WORK INSTRUCTION: Set down a faithful copy of every record below, with no images.

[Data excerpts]
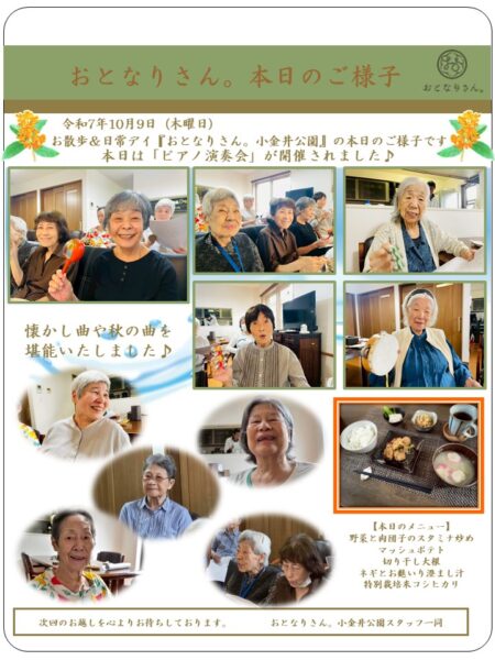 本日は「ピアノ演奏会」が開催され、秋の曲、また、懐かしい曲を
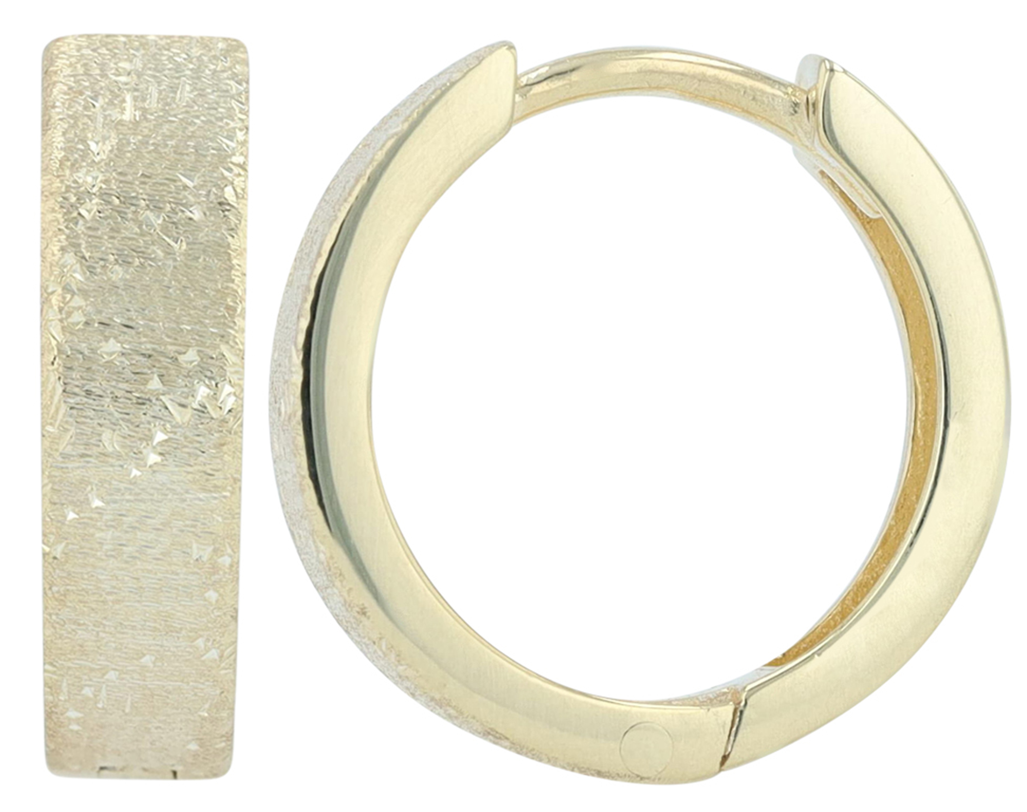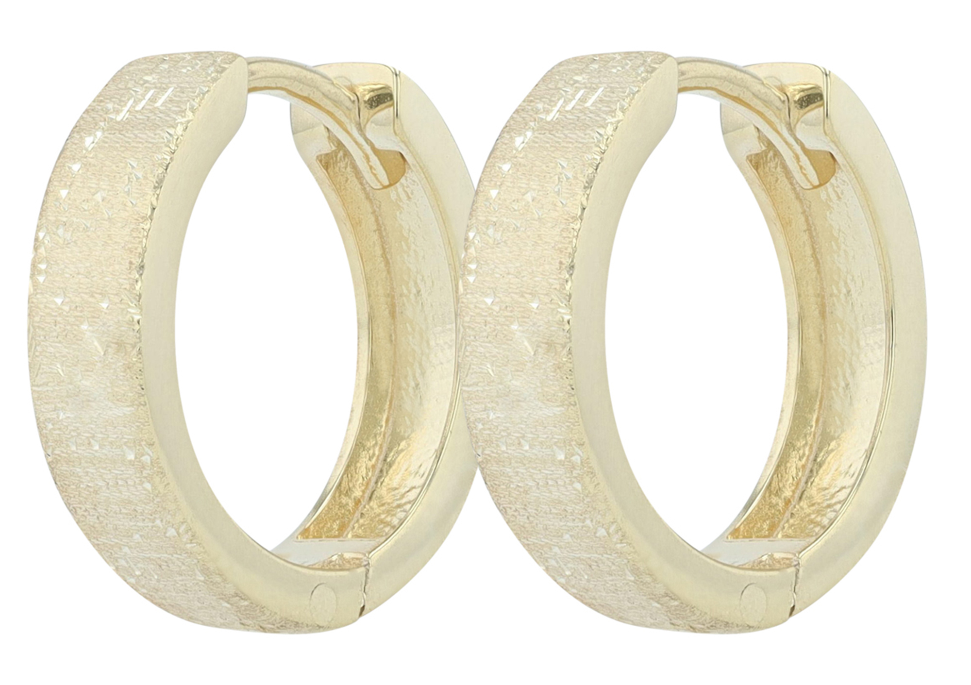 Das Oberflächenfinish auf der Vorderseite, ein Diamantschliff, macht diese Creole zu einer Besonderheit und einem eleganten Accessoire.
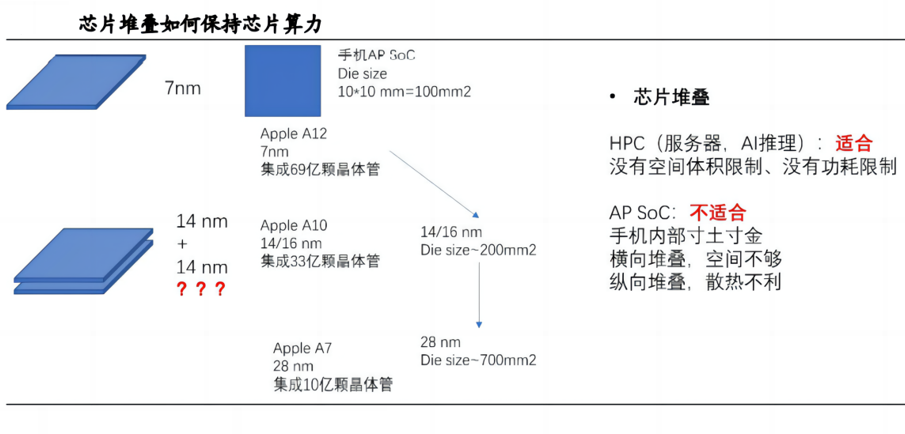 大功耗、高算力的場景,先進封裝/Chiplet有應(yīng)用價值在先進制程不可獲得的情況下,通過芯片堆疊(先進封轉(zhuǎn)/Chiplet)和計算架構(gòu)重構(gòu),以維持產(chǎn)品性能。以APPLE的A系列芯片參數(shù)為例,A12、A10、A7芯片分別采用7 nm、14/16 nm(Samsung 14 nm、TSMC 16 nm)、28 nm制程。A系列的手機AP芯片,通常芯片面積(Die Size)在約100 mm2大小。在這100 mm2大小的芯片上, A12、A10、A7芯片分別集成了約69億、33億、10億顆晶體管。下面,我們簡單進行算術(shù)換算,討論降制程如何維持芯片的算力。如果芯片工藝從7 nm降至14 nm,A12芯片上7nm工藝集成69億顆晶體管,如果用14 nm工藝以試圖達(dá)到接近的算力,首先要保證晶體管數(shù)目與A12芯片一致,即~70億顆,且在未考慮制程提升對單個晶體管性能有顯著提升的背景下,14 nm工藝的芯片需要兩倍于7 nm工藝的面積,即~200 mm2;如果芯片工藝從7 nm降至28 nm,參考28 nm的A7芯片只集成了10億顆晶體管,如果要達(dá)到70億晶體管數(shù)目,則需要將芯片面積擴大至~700 mm2。芯片面積越大,工藝良率越低,在實際制造中得到的單顆芯片的制造成本就越高,因此,在先進制程不可獲得的背景下,降制程而通過芯片堆疊的方式,的確可以一定程度減少算力劣勢,但是因為堆疊更多芯片,需要更大的IC載板、更多的Chiplet小芯片、更多的封裝材料,也導(dǎo)致因為制程落后帶來的功耗增大、體積/面積增加、成本的增加。因此,比如,通過14 nm的兩顆芯片堆疊,去達(dá)到同樣晶體管數(shù)目的7 nm芯片性能;通過多顆28 nm的芯片堆疊,去達(dá)到14 nm芯片性能。此種堆疊方案在HPC(服務(wù)器、AI推理)、基站類大芯片領(lǐng)域可能有適用價值,但對于消費電子領(lǐng)域如手機AP芯片和可穿戴芯片,在其應(yīng)用場景對空間體積有嚴(yán)苛約束的條件下,芯片堆疊則較難施展。
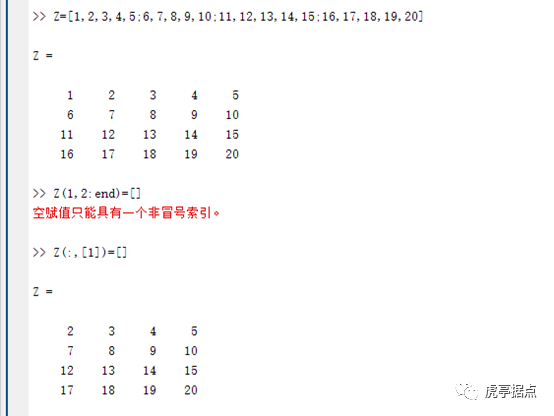 使用空矩阵进行矩阵元素删除,删除的方式;
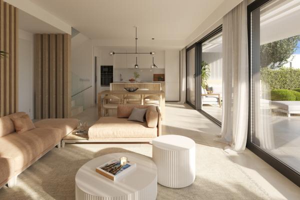 Un desarrollo residencial exclusivo compuesto por 50 villas adosadas de estilo contemporáneo con un amplio salón, cocina abierta amueblada y equipada con electrodomésticos de primeras marcas, 3 dormitorios o 2 dormitorios de gran tamaño, 2 o 3 baños, terraza y jardín.
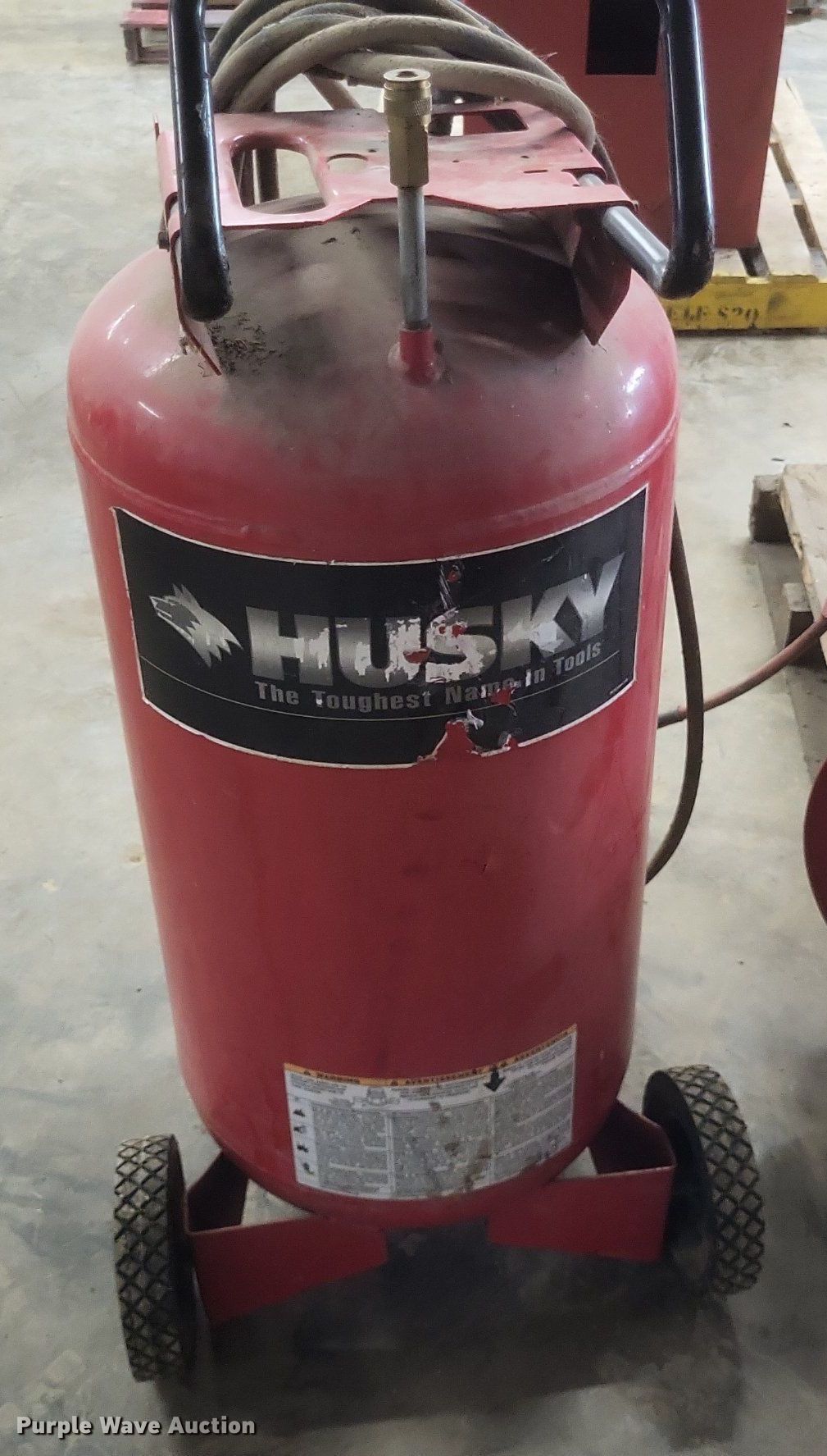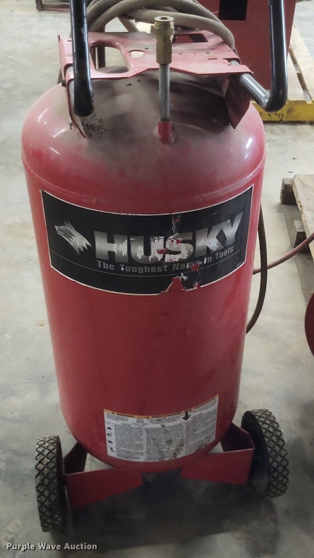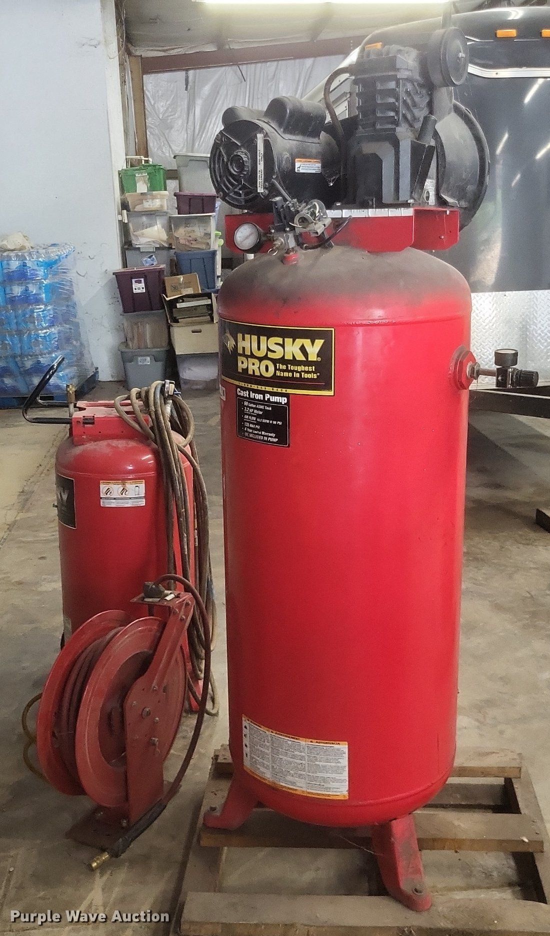 Purple Wave is selling a used Air Compressor in Missouri. This item is a Husky VT631403AJ air compressor with the following: Serial: 60809, Capacity: 60 gallon, HP 3.2, Max PSI: 135, Hose reel with air hose, Portable air tank with hose

RESPONSE FOR THIS EXERCISE:
 本日は「ピアノ演奏会」が開催され、秋の曲、また、懐かしい曲を
 Das Oberflächenfinish auf der Vorderseite, ein Diamantschliff, macht diese Creole zu einer Besonderheit und einem eleganten Accessoire.
 大功耗、高算力的場景,先進封裝/Chiplet有應(yīng)用價值在先進制程不可獲得的情況下,通過芯片堆疊(先進封轉(zhuǎn)/Chiplet)和計算架構(gòu)重構(gòu),以維持產(chǎn)品性能。以APPLE的A系列芯片參數(shù)為例,A12、A10、A7芯片分別采用7 nm、14/16 nm(Samsung 14 nm、TSMC 16 nm)、28 nm制程。A系列的手機AP芯片,通常芯片面積(Die Size)在約100 mm2大小。在這100 mm2大小的芯片上, A12、A10、A7芯片分別集成了約69億、33億、10億顆晶體管。下面,我們簡單進行算術(shù)換算,討論降制程如何維持芯片的算力。如果芯片工藝從7 nm降至14 nm,A12芯片上7nm工藝集成69億顆晶體管,如果用14 nm工藝以試圖達(dá)到接近的算力,首先要保證晶體管數(shù)目與A12芯片一致,即~70億顆,且在未考慮制程提升對單個晶體管性能有顯著提升的背景下,14 nm工藝的芯片需要兩倍于7 nm工藝的面積,即~200 mm2;如果芯片工藝從7 nm降至28 nm,參考28 nm的A7芯片只集成了10億顆晶體管,如果要達(dá)到70億晶體管數(shù)目,則需要將芯片面積擴大至~700 mm2。芯片面積越大,工藝良率越低,在實際制造中得到的單顆芯片的制造成本就越高,因此,在先進制程不可獲得的背景下,降制程而通過芯片堆疊的方式,的確可以一定程度減少算力劣勢,但是因為堆疊更多芯片,需要更大的IC載板、更多的Chiplet小芯片、更多的封裝材料,也導(dǎo)致因為制程落后帶來的功耗增大、體積/面積增加、成本的增加。因此,比如,通過14 nm的兩顆芯片堆疊,去達(dá)到同樣晶體管數(shù)目的7 nm芯片性能;通過多顆28 nm的芯片堆疊,去達(dá)到14 nm芯片性能。此種堆疊方案在HPC(服務(wù)器、AI推理)、基站類大芯片領(lǐng)域可能有適用價值,但對于消費電子領(lǐng)域如手機AP芯片和可穿戴芯片,在其應(yīng)用場景對空間體積有嚴(yán)苛約束的條件下,芯片堆疊則較難施展。
 使用空矩阵进行矩阵元素删除,删除的方式;
 Un desarrollo residencial exclusivo compuesto por 50 villas adosadas de estilo contemporáneo con un amplio salón, cocina abierta amueblada y equipada con electrodomésticos de primeras marcas, 3 dormitorios o 2 dormitorios de gran tamaño, 2 o 3 baños, terraza y jardín.
 Purple Wave is selling a used Air Compressor in Missouri. This item is a Husky VT631403AJ air compressor with the following: Serial: 60809, Capacity: 60 gallon, HP 3.2, Max PSI: 135, Hose reel with air hose, Portable air tank with hose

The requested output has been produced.